▶ _TASK_
Which lines of the data below include the string "that"? Return each of them.

(Collected data entries)

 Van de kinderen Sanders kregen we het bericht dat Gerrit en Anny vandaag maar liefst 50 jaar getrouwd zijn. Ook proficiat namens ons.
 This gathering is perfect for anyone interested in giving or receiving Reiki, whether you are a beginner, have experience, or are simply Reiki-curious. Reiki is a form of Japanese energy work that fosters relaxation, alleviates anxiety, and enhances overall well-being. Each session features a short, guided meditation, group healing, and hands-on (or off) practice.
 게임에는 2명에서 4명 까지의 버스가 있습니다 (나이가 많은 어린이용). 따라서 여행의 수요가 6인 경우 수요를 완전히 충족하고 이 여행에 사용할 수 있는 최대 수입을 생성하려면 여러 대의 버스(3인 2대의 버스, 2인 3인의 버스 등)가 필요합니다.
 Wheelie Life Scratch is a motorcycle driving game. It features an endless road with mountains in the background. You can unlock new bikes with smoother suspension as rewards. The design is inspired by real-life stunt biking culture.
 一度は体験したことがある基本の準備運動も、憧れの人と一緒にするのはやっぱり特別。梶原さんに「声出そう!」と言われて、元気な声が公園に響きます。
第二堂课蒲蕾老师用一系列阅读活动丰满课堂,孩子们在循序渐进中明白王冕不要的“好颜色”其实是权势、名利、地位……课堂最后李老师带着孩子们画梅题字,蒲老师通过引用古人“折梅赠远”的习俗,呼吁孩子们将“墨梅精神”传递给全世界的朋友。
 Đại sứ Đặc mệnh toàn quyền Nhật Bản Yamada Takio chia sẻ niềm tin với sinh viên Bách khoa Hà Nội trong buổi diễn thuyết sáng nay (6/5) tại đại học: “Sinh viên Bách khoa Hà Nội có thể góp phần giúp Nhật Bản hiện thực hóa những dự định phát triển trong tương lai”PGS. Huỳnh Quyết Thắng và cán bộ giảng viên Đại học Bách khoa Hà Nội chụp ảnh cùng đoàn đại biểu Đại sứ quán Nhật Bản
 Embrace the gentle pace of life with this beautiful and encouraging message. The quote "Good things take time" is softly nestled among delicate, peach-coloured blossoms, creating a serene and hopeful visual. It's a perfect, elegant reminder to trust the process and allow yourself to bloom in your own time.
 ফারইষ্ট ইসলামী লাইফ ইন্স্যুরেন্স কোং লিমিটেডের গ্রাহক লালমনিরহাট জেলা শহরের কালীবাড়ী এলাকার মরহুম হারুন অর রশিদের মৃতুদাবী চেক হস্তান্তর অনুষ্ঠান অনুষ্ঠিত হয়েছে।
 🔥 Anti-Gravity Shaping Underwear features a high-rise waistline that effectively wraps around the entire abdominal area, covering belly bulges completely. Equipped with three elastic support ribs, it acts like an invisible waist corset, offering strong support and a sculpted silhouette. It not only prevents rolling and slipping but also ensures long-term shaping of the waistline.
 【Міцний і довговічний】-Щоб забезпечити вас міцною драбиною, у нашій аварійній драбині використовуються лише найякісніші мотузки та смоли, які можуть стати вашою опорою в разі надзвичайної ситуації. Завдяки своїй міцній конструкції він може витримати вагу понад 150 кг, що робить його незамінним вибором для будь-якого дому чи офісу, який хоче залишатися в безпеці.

▶ _WORKED SOLUTION_
 This gathering is perfect for anyone interested in giving or receiving Reiki, whether you are a beginner, have experience, or are simply Reiki-curious. Reiki is a form of Japanese energy work that fosters relaxation, alleviates anxiety, and enhances overall well-being. Each session features a short, guided meditation, group healing, and hands-on (or off) practice.
 🔥 Anti-Gravity Shaping Underwear features a high-rise waistline that effectively wraps around the entire abdominal area, covering belly bulges completely. Equipped with three elastic support ribs, it acts like an invisible waist corset, offering strong support and a sculpted silhouette. It not only prevents rolling and slipping but also ensures long-term shaping of the waistline.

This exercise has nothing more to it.